Jan October 6, 2016 um 4:20 pm

Our library system, Great River Regional Library in Minnesota, is still offering magazines, Overdrive to the Library to the Nook app. My husband and I have used it, he on his iPad and I on my phone, and it has worked just fine. But if the partnership has ended, I guess it will disappear.

I borrow library books frequently and send them to my Kindle paperwhite. Easy, convenient, and free. Audiobooks are great, too, and they recently extended the checkout period to 21 days for those.

As taxpayers, we are certainly getting our money’s worth from the library.


1 October 6, 2016 um 11:21 pm

"It is annoying enough just to borrow library ebooks, even when you use the OD app and website. "
Why do you say that? I find it extremely easy to borrow ebooks. I don’t bother with the Overdrive App, I just press borrow and then the Read button on the website.


Sarah October 7, 2016 um 5:25 pm

As a librarian who spends a great deal of time helping patrons access our e-resources, I can say that having to use the B&N app was indeed a stumbling block.

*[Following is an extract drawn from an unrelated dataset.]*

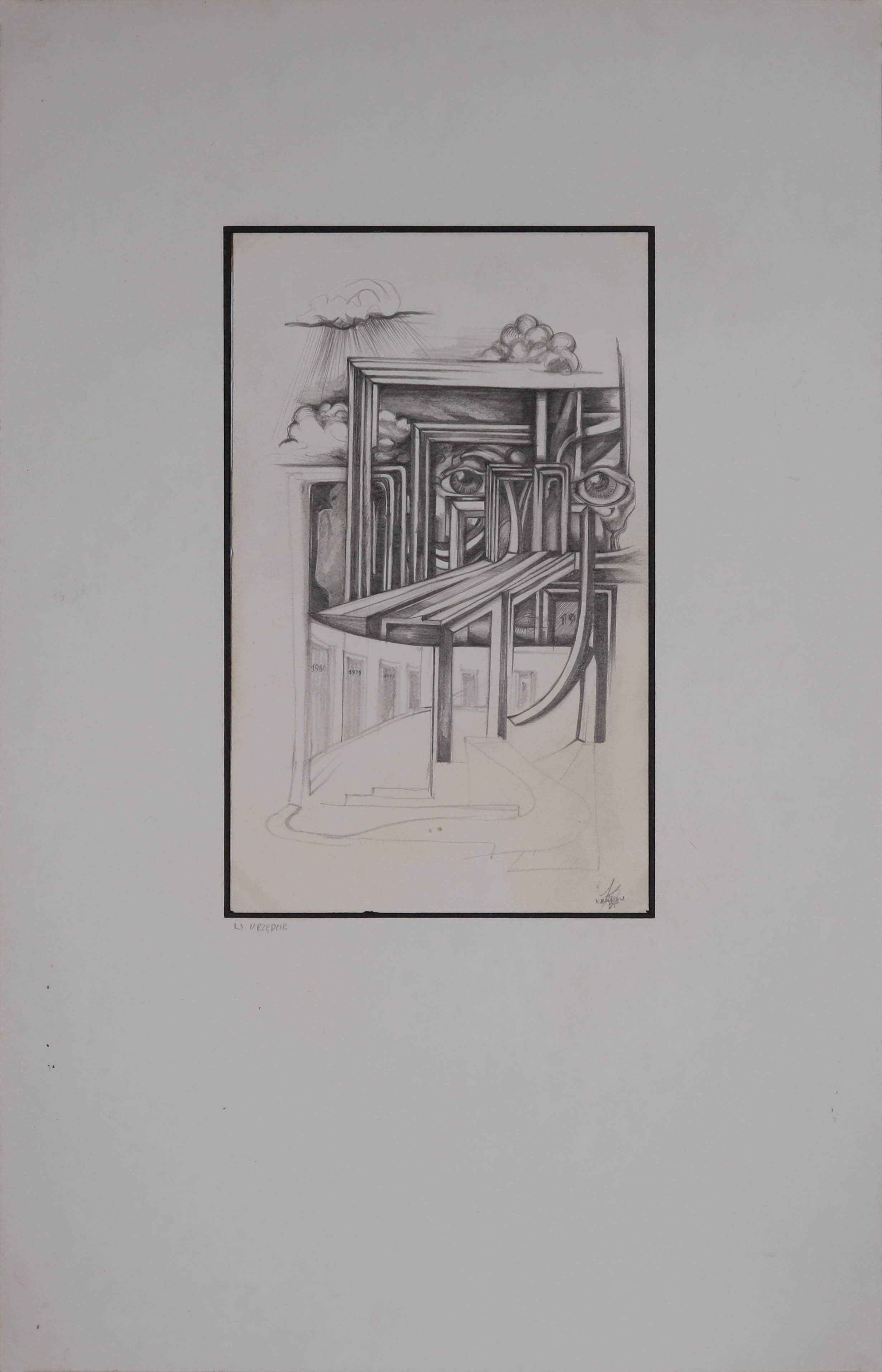 ołówek, papier, 24 x 14,6 cm; (w świetle oprawy);opisany i sygn. u dołu: W URZĘDZIE, (sygnatura nieczytelna) KRAKÓW 85

The last thing people want to do is download yet another app and sign up for yet another account. It worked well for people who already had a B&N account/Nook app, but we also subscribe to Zinio and Flipster and those services are more accessible to a greater number of people. None of us–at my library at least–were surprised by this news, and it’s a bit of a relief to no longer have to support three digital magazine platforms (we are a WPLC library so have known since July).